At 6:25 a.m. on Monday, her phone rang. It was Mutch’s barn manager, and he had a message from his boss. “Ronnie says, if you want to ride, be here by 7 a.m.,” he told Greenwood, who didn’t stop to consider her options before tugging on her breeches and running out the door. In the days before Florida circuits, most trainers in the Northeast used the months of December through February to turn out their ‘A’-level string and bring along their young horses for sale. Over the next few months, it was 7-8 of these prospects that Greenwood would ride every day, unpaid, for up to six days a week. The experience changed her life forever.
“I literally learned how to ride in that one winter,” she said, adding that the progress was evident when she returned to the circuit in March. “I was a totally different person.”
Pony for Your Thoughts
Despite years of success riding hunters and jumpers in the most prestigious rings in the country, Greenwood is unashamed to admit that her first love is, and will always be, ponies. “Part of the appeal to me is that people tend to say ponies are brats,” Greenwood said. “But I’ve stood at the in-gate at the Washington or Devon or the Meadowlands, explaining a course to a kid, and I’ve never, ever had a concern that that pony wasn’t going to go in and jump that course.”
During her tenure running Grand Central Show Stables out of Old Salem Farm in the 1990s, Greenwood’s roster included tri-color-winning pony combinations with students such as Jessica Newman (Gayfield’s Blue Nile and Asia Minor), Tory Grauer Ketchum (Espresso and Unlock the Magic), and Emma and Georgina Bloomberg (Jetsetter, Casey Jones, and Kid You Not). In more recent years, she coached Caroline Passarelli to multiple national championships aboard Little Black Pearl.
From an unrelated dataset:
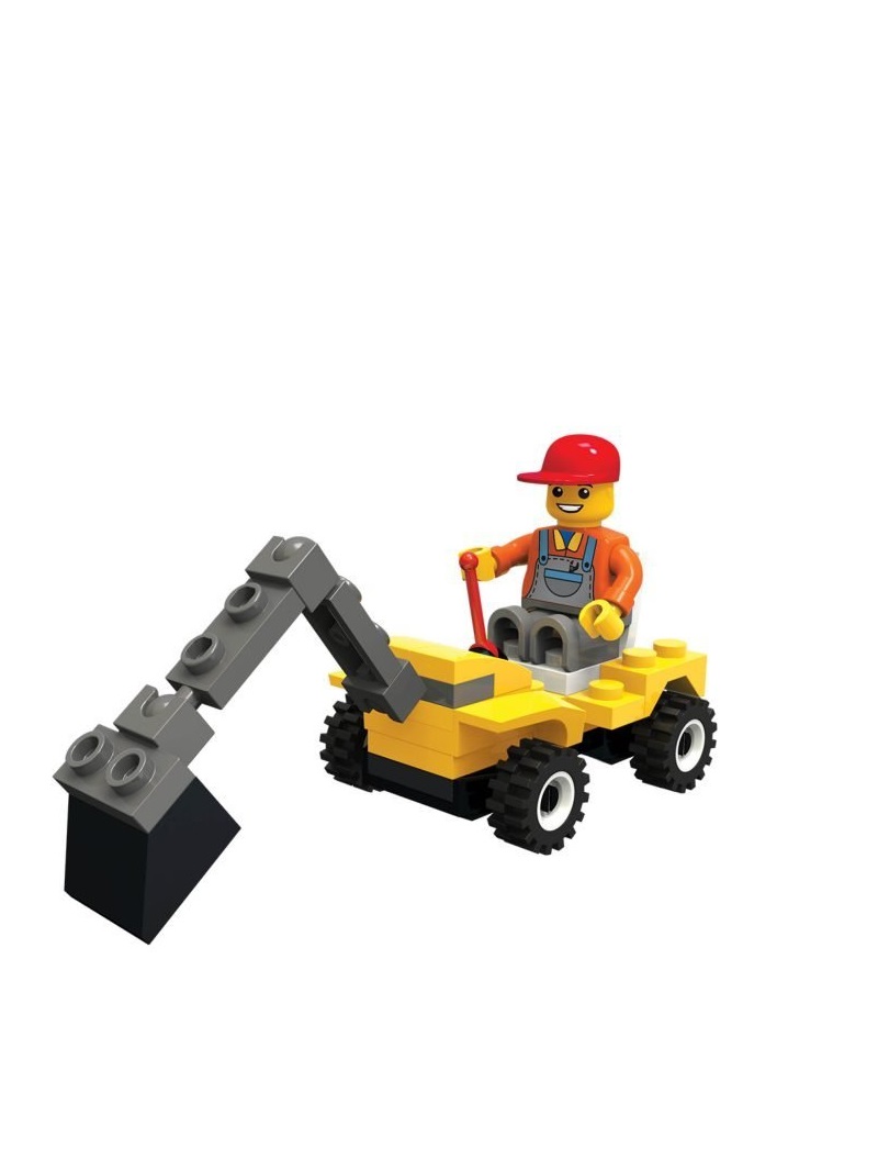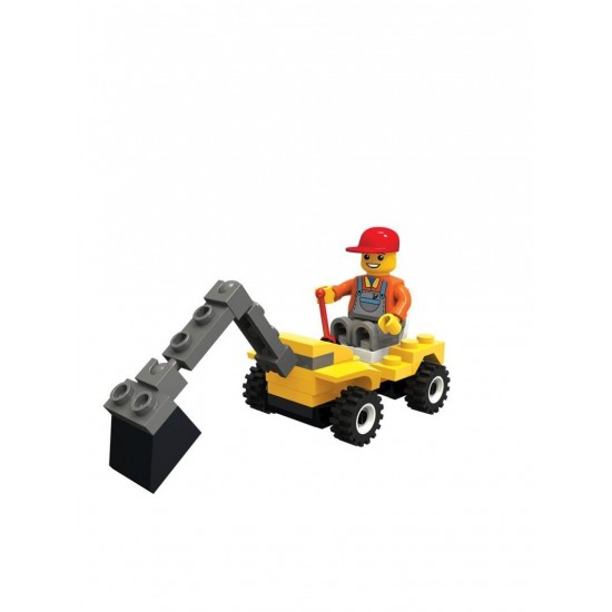 Masina este insotita de o minifigurina constructor cu casca si uniforma specifica ce poate fi asezat pe scaunul soferului.

When it comes to training ponies, Greenwood says, what most coaches get wrong isn’t how they work with their animals, but how they communicate with their kids. “The simplest things you hear trainers say all the time—‘go forward,’ for instance—that’s a totally fine thing to say if [the child] understands what that means. But I listen to trainers when their kids come out of the ring, and they’ll say things like, ‘Why did you do that?’ To me, it’s like, ‘Well, why would you ask that?’
“If the same thing keeps happening [in the ring] every day, well, maybe [it’s the words you’re using]. Maybe that’s on the trainer.”
Years ago, at Nimrod, Greenwood learned the virtue of good communication the hard way. When Dr. George Yeaton sent three ponies to the farm to be broke and shown for sale while Mutch was away at Indoor Finals, Greenwood was instructed to fast-track “the prettier of the two grey ponies” in the group for a client that was coming to look at him the following week. In just a few days, Greenwood had the pony walking, trotting, and cantering under saddle, as well as jumping small jumps and swapping its lead.
Overjoyed, she put him through his paces for Mutch when he returned, beaming with pride the whole time. When she looked up, and to her surprise, Ronnie wasn’t smiling.
“I said, ‘What do you think? Isn’t he great?’” Greenwood says.
Mutch replied, “‘Yes, yes, he’s great. But that’s the wrong grey pony.’”
The grey pony Mutch had in mind, however, ended up being 15 hands, while Robin’s choice measured. And so, as the story goes, it all worked out for the best. In fact, it’s just one of many examples in Greenwood’s 50-plus years in the business that align along that common theme. Events may not always go the way that you expect them to, but with a little luck—a little bit of magic, maybe—you’ll end up right where you’re supposed to be.